What do you think is the secret of such popularity?

Ordinary, they are ordinary, but most people have little idea of ​​\u200b\u200bwhat the everyday life of a crab fisher looks like. For most, the usual job is staying warm and cozy office 9 to 5 where they feel safe. At sea, there is no sense of security at all. Just imagine - we went to sea for two months, we need to pay three thousand dollars for the ship, but we didn’t earn money, because we burned all our fuel and spent our profit, but we still couldn’t catch a single crab ...
But it may happen that we will catch crabs for four days without a break and earn half a million dollars. Such a risk is incomprehensible to many, yet usually people prefer more reliable earnings. But it's very interesting to work this way - it's a risk, excitement, adrenaline, and when people watch the program, they live our lives. Sailors, as you know, people are accustomed to bad weather.

And how was it for the film crew on board, because the operators, as a rule, are not such sea wolves as you are?

Deadly Catch is on air for the fifth season in a row, and many of the operators are no strangers to crab boats. Now they are doing much better than at the very beginning - and those times, yes, it’s scary to remember. The poor fellows suffered from seasickness, did not know where to stand on the deck, and where it was too risky - the team saved their lives more than once. But those who returned, having experienced all this, received a real hardening.

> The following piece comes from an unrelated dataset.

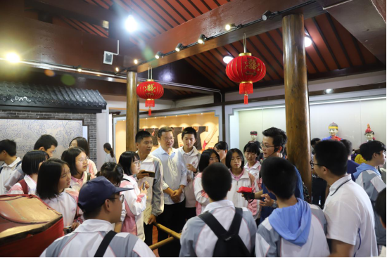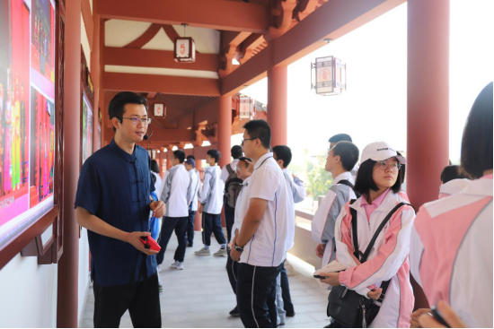 图为同学们观看了解畲族宫回廊墙上的畲族文化

Tell me, are you sick of crabs yet? After some work?

Which of course you don't! I just love crabs. After all, we catch them only once a year, and there is no time for delicacies on the ship. But when I return home, I do not mind treating myself to crab meat.

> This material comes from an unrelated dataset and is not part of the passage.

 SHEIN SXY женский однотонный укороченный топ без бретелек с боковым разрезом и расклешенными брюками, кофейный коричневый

It is believed that a woman on board brings bad luck. Are there any women among the crab catchers?

You know, sailors have a lot of superstitions in general. Yes, there is one old omen about women, but personally I don't believe in it. I know teams that don't have a single male, and you should see how they work! You can envy! So it seems to me that this is nonsense.

What other superstitions do you have at sea?

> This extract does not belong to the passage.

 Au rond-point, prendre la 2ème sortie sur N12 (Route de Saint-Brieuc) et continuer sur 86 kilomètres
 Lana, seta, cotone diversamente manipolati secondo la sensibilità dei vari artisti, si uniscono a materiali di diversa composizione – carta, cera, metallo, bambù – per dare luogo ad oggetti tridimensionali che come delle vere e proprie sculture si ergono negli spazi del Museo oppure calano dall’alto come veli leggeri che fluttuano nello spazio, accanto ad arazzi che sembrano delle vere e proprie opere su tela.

Well, you can't count them all. For example, when the operators first came on the ship, they brought suitcases and huge boxes of equipment, and I immediately told them to remove everything from the ship, because I don't want any suitcases on the ship. It is considered to be very Bad sign.
You know, sailors take a special bag with them, not a suitcase. So the operators lowered their equipment onto the pier, unpacked the cameras and all other equipment, and left their suitcases on the pier. Only then did we hit the road.

Tell me, how long does it take for a green newcomer who just came on board to become a real sea wolf? And in general, what is it like for newcomers to the sea?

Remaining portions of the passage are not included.